Study objective: To determine the benefits of daily use of high-frequency chest wall oscillation (HFCWO) in familial dysautonomia (FD) patients with lung disease.
Design: Pulmonary function tests, chest radiographs, and blood tests were performed on entry to the study. A retrospective chart review of 12 months prior to entry provided baseline data regarding respiratory illnesses, medications, doctor visits, hospitalizations, and absenteeism. Daily logs provided prospective data on these parameters as well as HFCWO usage. Evaluations were performed at 1, 3, 6, 9, and 12 months for pulse oximetry, spirometry, and log review. At the exit evaluation, blood tests and chest radiographs were repeated.

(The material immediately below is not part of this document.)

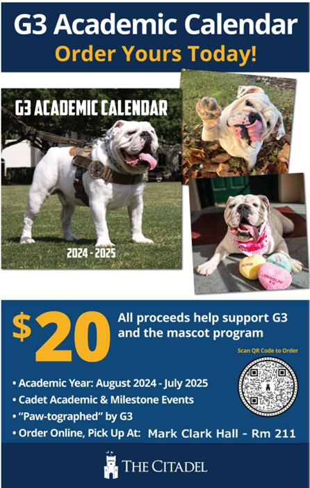 They’re Back! The 24-25 Academic Calendars starring The Citadel's own Gen. Mike Groshon (G3) will be arriving May 1st! All proceeds from this calendar go toward supporting G3's up-keep and cookie habit.

Patients: Fifteen FD patients with history of lung disease requiring daily inhalation therapy (7 female and 8 male; age range, 11 to 33 years) were enrolled in a 1-year clinical trial of HFCWO therapy. Two subjects withdrew after 3 months and 6 months, respectively. Each individual served as his/her own control.
Results: Oxygen saturation improved by 1 month (median, 97.5%; interquartile range [IQR], 96 to 98%; vs median, 94%; IQR, 89 to 96%) and was sustained at exit evaluation (median, 98%; IQR, 98 to 98%) [p = 0.004]. Median FVC and peak expiratory flow rate (PEFR) were the pulmonary function measures with sustained improvement from baseline to exit (p = 0.02 and p = 0.03, respectively). When retrospective and prospective data were compared, all measured health outcomes improved significantly, including pneumonias (p = 0.0156), hospitalizations (p = 0.0161), antibiotic courses (p = 0.0005), antibiotic days (p = 0.0002), doctor visits (p = 0.0005), and absenteeism (p = 0.0002).
Conclusion: In this limited study of FD patients, HFCWO effected significant improvements in all measured health outcomes and oxygen saturation; FVC and PEFR were the pulmonary function measures demonstrating sustained improvement.